I used to think I was busy.
Before I moved, I felt like I was at my busyness threshold. I had all I could take. My days were packed. I was at my limit. There was no way I could fit in anything else. But then, we moved here, and I added commuting. I had to. I didn’t have a choice. It was either you commute or you don’t eat. And not just the six hours of commuting I do for work twice a week, but commuting to everything. Instead of grocery shopping being an hour-long outing, it now takes me four or more hours to accomplish the same task. I could see the closest gas station from my old apartment, but it’s a 10 minute trip to the closest gas station, and 15 minutes to one that is reasonably priced. It takes me 20 minutes to get to my gym. It used to take me 90 seconds. Basically, everything takes longer when you live in the middle of nowhere (duh).
Thankfully, we balance it all out with all the awesome perks of living where we do like low-cost of living, some seriously awesome privacy, and space to spread out, but still, it takes some getting used to. Especially after spending so much time in the city.
So I did it. I thought I couldn’t take on something else, but I did. I added commuting. I added hours and hours and hours worth of driving per week (and simultaneously, hours and hours worth of NPR consumption).
And guess what? I haven’t imploded yet. I still sleep my full eight hours a night. Sometimes I even get to spend the evening vegging out in front of the TV. I actually don’t feel any busier. I still feel busy, but I don’t feel like I’m overextended.

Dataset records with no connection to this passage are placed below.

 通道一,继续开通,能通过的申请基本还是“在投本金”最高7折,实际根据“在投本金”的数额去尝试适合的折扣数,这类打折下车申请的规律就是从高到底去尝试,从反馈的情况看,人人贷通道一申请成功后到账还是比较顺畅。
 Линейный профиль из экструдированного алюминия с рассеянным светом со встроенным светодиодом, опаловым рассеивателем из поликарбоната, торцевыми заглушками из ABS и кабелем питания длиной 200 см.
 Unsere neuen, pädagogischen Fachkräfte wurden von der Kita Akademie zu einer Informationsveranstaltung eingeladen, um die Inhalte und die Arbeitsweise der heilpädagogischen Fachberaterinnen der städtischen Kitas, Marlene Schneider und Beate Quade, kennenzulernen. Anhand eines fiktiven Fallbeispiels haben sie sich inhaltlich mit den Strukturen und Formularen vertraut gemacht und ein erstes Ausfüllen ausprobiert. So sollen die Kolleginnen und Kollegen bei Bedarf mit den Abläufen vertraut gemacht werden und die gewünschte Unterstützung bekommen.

I’ve said it before, and I’ll say it again here, it’s interesting how busyness is so relative. What I think is busy might not be considered busy to someone else. And what I consider just busy enough might be absolutely insane to someone else. It’s unfortunate how often we use what’s on our plates to judge other people. I mean, I can’t even count how many times I’ve heard, “Well, you aren’t really busy, you don’t have kids.” And, being totally honest, I’ve been guilty of saying, “I work this many hours a week and I still find time to do it, why can’t she?” It’s so detrimental. It doesn’t accomplish anything. We each have our own thresholds. And it doesn’t mean we are better or worse than each other. It just means we’re different.

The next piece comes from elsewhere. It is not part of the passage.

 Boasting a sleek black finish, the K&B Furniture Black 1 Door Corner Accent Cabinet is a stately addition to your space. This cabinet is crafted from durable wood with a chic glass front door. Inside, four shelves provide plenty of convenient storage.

I find it so fascinating that that judgement exists within ourselves, too. I think back about the times when I felt really, truly, crazy busy in my life and sometimes I was (like in college, when I was doing my thesis, taking 19 credit hours and working five jobs, oh, and, uh,
drinking heavily socializing) and sometimes I wasn’t (like in high school, when I thought I was going to die when I had to write two 500 word papers in a week). It’s all relative. And so often we are stronger than we think we are. It’s amazing what you can shoulder when you don’t have a choice.
Anyway, you’re probably all like, “That’s awesome, but what they hell does this have to do with shrimp and quinoa?” Hi, Point, I’ll find you eventually, I promise.
The truth is, we all feel busy. If you ask 100 people on a scale of 1-10 how busy they felt, I betcha at least 90 of them would pick numbers North of eight. And whether you are one of those people who juggles a million balls or one who gets overwhelmed when you can’t just focus on one thing at a time, life is crazy for all of us. And that’s why we are all so drawn to ways to simplify the everyday tasks of our life. And one of those is definitely food. Why else would 30 Minute Meals be so popular? Or, you know, the microwave? I think people so often feel like fast food has to be one of two things: McDonalds or flavorless. But I’m a huge believer that you can make fast food that is flavorful, simple and totally healthy.
This is one of those recipes. You can go from no-food to food in 15 minutes. And you get a ton of flavor, a ton of protein, and a touch of decadence. I think dishes like this help make our crazy busy world feel a little more in control.